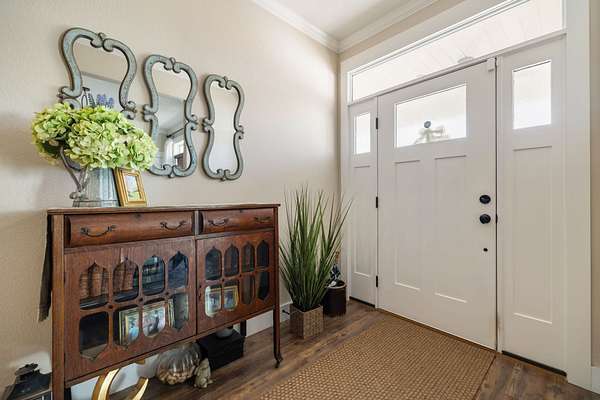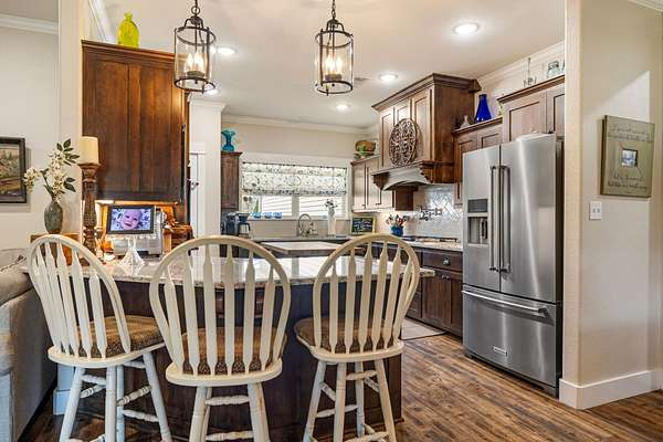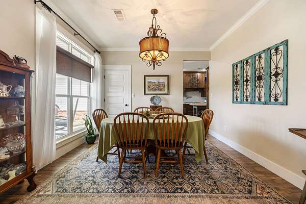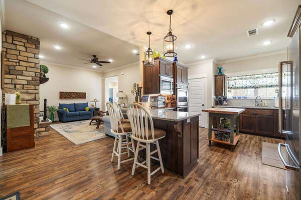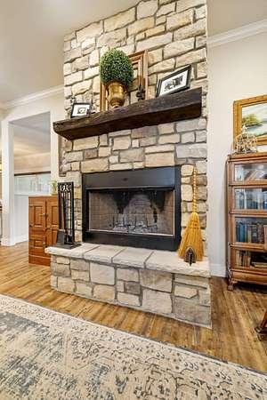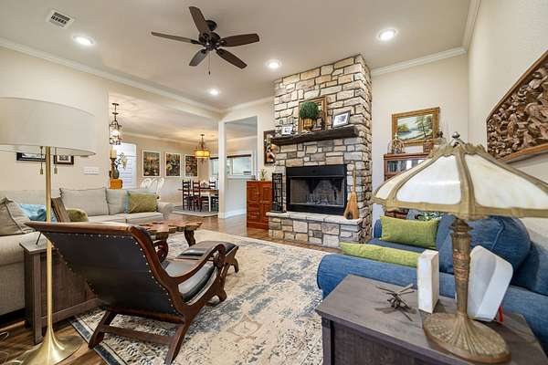 Sophisticated Interiors: Step through a stone-walk entry into a home featuring 10-foot ceilings in the grand foyer and 9-foot ceilings throughout. Elegant crown molding accents the living, kitchen, and dining areas, while a beautiful rock fireplace with a propane starter serves as the home's cozy focal point.
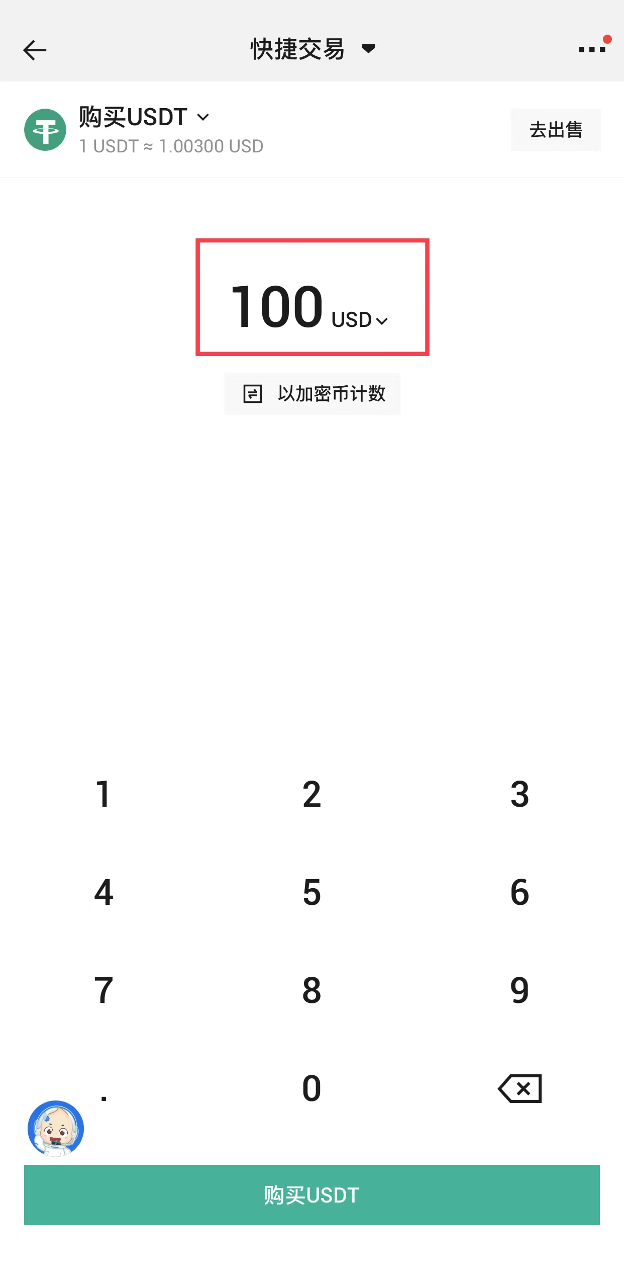 输入购买的数量,如100USD,随后点击【购买USDT】
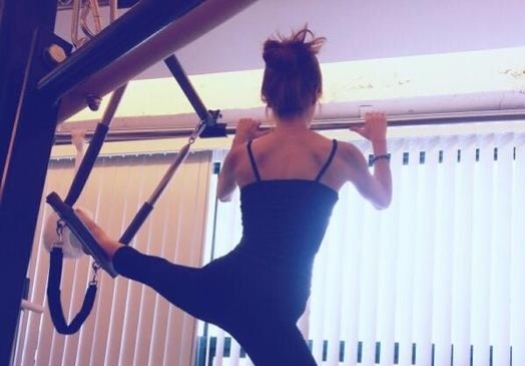 In the photo, the actress is showing her back while stretching on a fitness equipment. She is showing off her incredible flexibility by lifting her leg up high in the air like a gymnast.
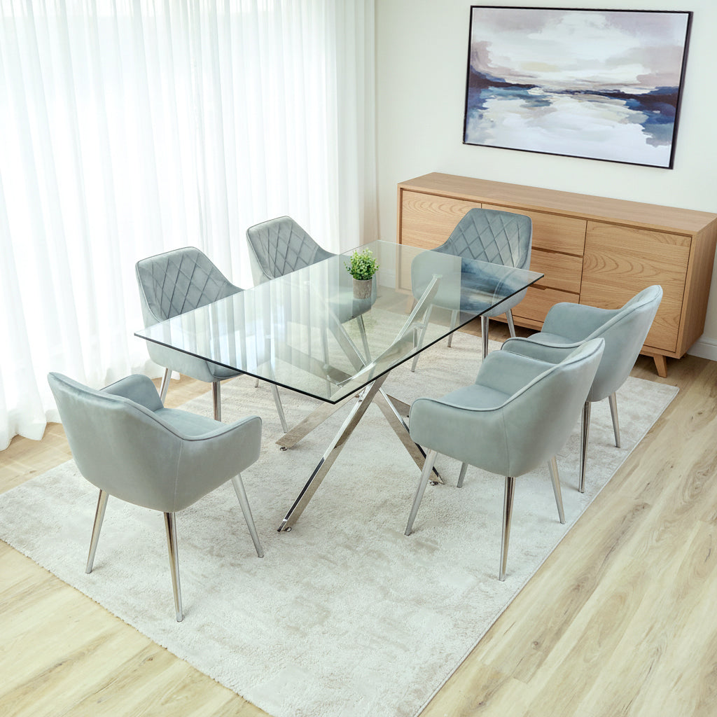 This shining blend of clear glass and chrome steel Davos Chrome Large dining table with the velvet Leon Grey dining chairs that have a comfortable arm rests, wide seat, and the curved back of this grey chair ensures to sit back relax, unwind and guaranteed to provide you with a modern and fashion-forward look in your kitchen or dining room. Whether you utilize this fine table for formal dining arrangements or just for your everyday gathering, this piece will provide a fresh and glamorous feel to your home.
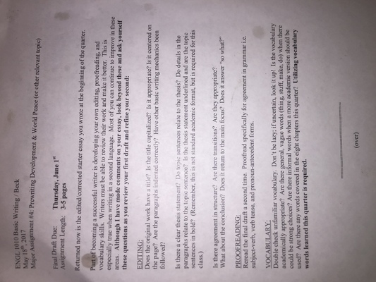Instructor has written critiques on my paper in red as seen in the writing. Attached is the assignment instructions and my in class write. PLEASE FOLLOW RINSTRUCTORS REMARKS.
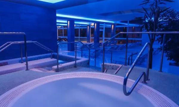 Приезжали в отель в начале января на два дня, народу было очень мало, но все работало: сауны, бани, ингаляции, релакс комнаты и т.п. и, самое главное, термальный бассейн. Он состоял из двух частей, одна в помещении, а вторая на улице, эти части соединялись проходом-перешейком прям в воде из теплой зоны в холодную, так что не надо ходить по улице, можно плавать то там, то там, что очень удобно. В термобассейне в уличной части есть забавный искусственный грот с подсветкой и всяким гидромассажем. Во всех частях термобассейна устроены разного типа джакузи и гидромассажи, глубина уличной части рассчитана на рост взрослого человека. 90% всех форсунок работают, это было приятно. Вода хоть и термальная в бассейне, но все же хлорку в воду добавляют, видимо, чтоб не цвела вода или из соображений гигиены, запах хлорки от купальника чувствовался в номере, когда переодевались. Вокруг бассейна на улице красивая территория, симпатичные пальмы, деревья, цветы и кусты и вид на гору. Отель не новый, но не ушатанный. Номер просторный, метров 18 квадратных, мебель и двери из натурального дерева, в санузле новая ванна. Также в номере большой балкон для тех, кто курит или хочет побыть на улице. Полотенца новые, пушистые, также дают махровые халаты, все белоснежное, чистое, включая постельное бельё. Также давали пляжную сумку, чтоб с ней ходить в бассейн. Матрасы в меру мягкие, не продавленные, спать было удобно. В номере есть сейф, который работает. Завтрак очень хороший, разнообразный, с овощами, фруктами, оладушками, омлетом, жареным беконом, орешками, сладостями разных видов, чай - пакетики 8 видов и кофе из кофемашины, вода с лимоном, соки, все можно наливать самостоятельно, было вкусно. Также один раз ужинали в отеле, очень вкусно, можно было выбирать один вариант ужина из двух предложенных, рыба была потрясающая и вино по бокалам прям понравилось. Персонал отеля дружелюбный, девушка на ресепшене разрешила нам задержаться на час без дополнительной оплаты. В целом, за свои деньги хорошее соотношение цена-качество.
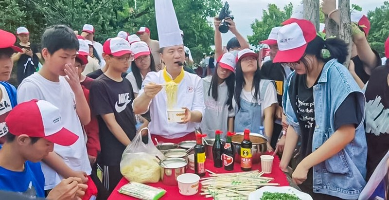 安居职中来校开展研学活动的同学们自制凉面的体验活动。
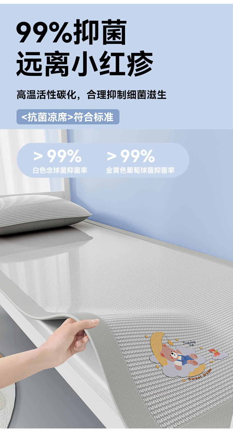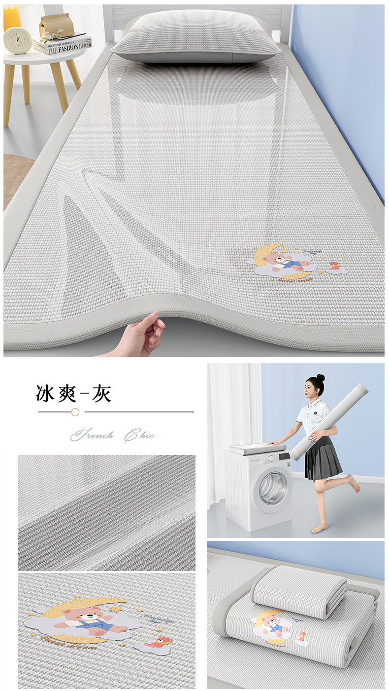 当前位置: 91家纺网 > 商品网购 > 床上用品 > 凉席 > 凉席套件 > 家品罗兰 2026新款夏季A类碳光凉席三明治透气网冰丝凉席家用双人冰丝席床单可机洗单人学生宿舍上下铺夏天空调软席三件套 冰爽-灰
::::
(Task statement):
What is needed is an exact repeat of the lines from the one containing "安居职中来校开展研学活动的同学们自制凉面的体验活动。" through the last line of the records above, both included, with pictures left out.

(Solution to the problem):
 安居职中来校开展研学活动的同学们自制凉面的体验活动。
 当前位置: 91家纺网 > 商品网购 > 床上用品 > 凉席 > 凉席套件 > 家品罗兰 2026新款夏季A类碳光凉席三明治透气网冰丝凉席家用双人冰丝席床单可机洗单人学生宿舍上下铺夏天空调软席三件套 冰爽-灰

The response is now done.